Kevin Rudd suggested that he attend mass with us the following Sunday. He came with his teenage curly-headed son Marcus, and sat in the pew next to Dad. During communion Mr Rudd said, ‘I brought a present for you, mate,’ and pulled a small red box out of his pocket. It contained black rosary beads given to him by Pope Benedict. As Dad accepted this precious and generous gift, he was overcome by emotion, and briefly and quietly wept. Afterwards Kevin and Marcus came to our home for afternoon tea and chatted easily with the family and parishioners who joined us. Other than polite Australian Federal Police officers checking out the house before his arrival, and Guillaume bringing trays full of exquisite finger food, it felt like any other autumn afternoon tea that Chris had hosted.

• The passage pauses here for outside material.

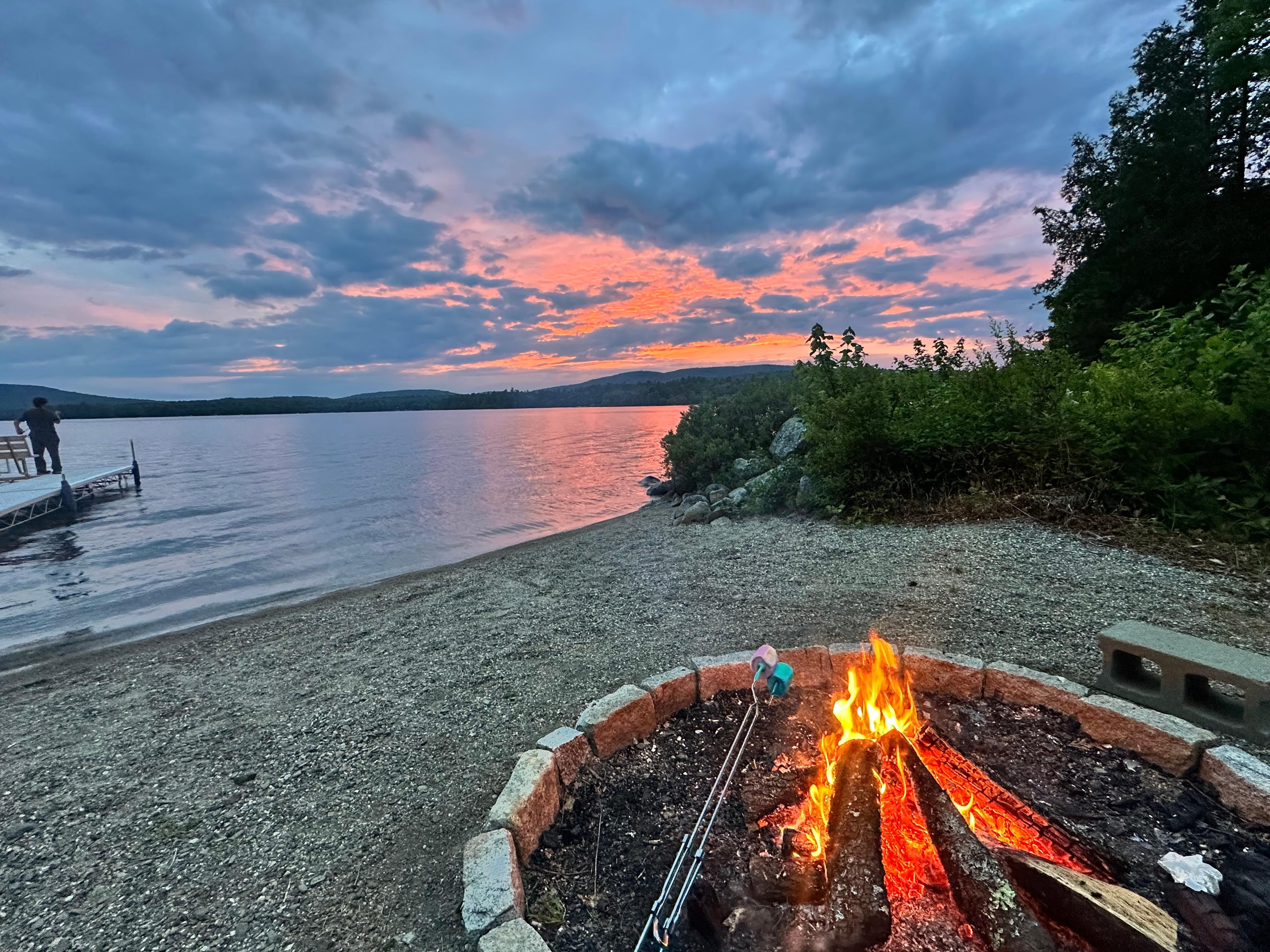 Kamp Tahoe is a log cabin located on one of the most desirable pristine glacier lakes in Maine. Use this camp as a home base for exploring all of Downeast Maine. Magnificent sunsets while sitting around our firepit on our gorgeous beach and 50 foot dock for swimming and boating. Seadoo and boat rentals nearby or bring your own which is subject to state of Maine regulations. Make arrangements now. Share a aluminum canoe, 14' boat, and 3 kayaks. Kitchen is fully equiped with silverware, pots and pans, dishes, glasses, cups etc. Utilities are all inclusive in our price. There is a grill, corn hole and basketball game in the garage. Combo washer and dryer in garage laundry room with a vanity and toilet. Beach is excellent for young children to walk out no drop off. There is also a screened in porch. Another camp available behind this one which is called Stairway to Heaven-Loft if you want to bring another family. Look up this listing if you are interested. Bring your boat or rent one at Downeast Marine in Sullivan Maine. This beachfront and on site amenities are shared by both units.

By now scans were showing a large amount of tumour progression and the right hemisphere of Chris’s brain was overwhelmed with swelling. The tumour was also edging into his brain’s left hemisphere, his dominant side. Dad now needed constant care. His left side became progressively paralysed and when his left leg stopped responding we arranged for a wheelchair in the house. Mum and Dad moved into my bedroom, which was downstairs. James maintained the responsibilities of undressing him at night and helping him into bed. I read to him and typed his dictations. Adam spent the afternoons in his company. His pleasures were simple — he listened to music, satisfied his sweet tooth, drank a little pinot noir and continued to read and be read to. Each morning Mum would shower him, dress him and brush his hair. He sat in his wheelchair, looking into the mirror, as she gently smoothed his hair away from his face.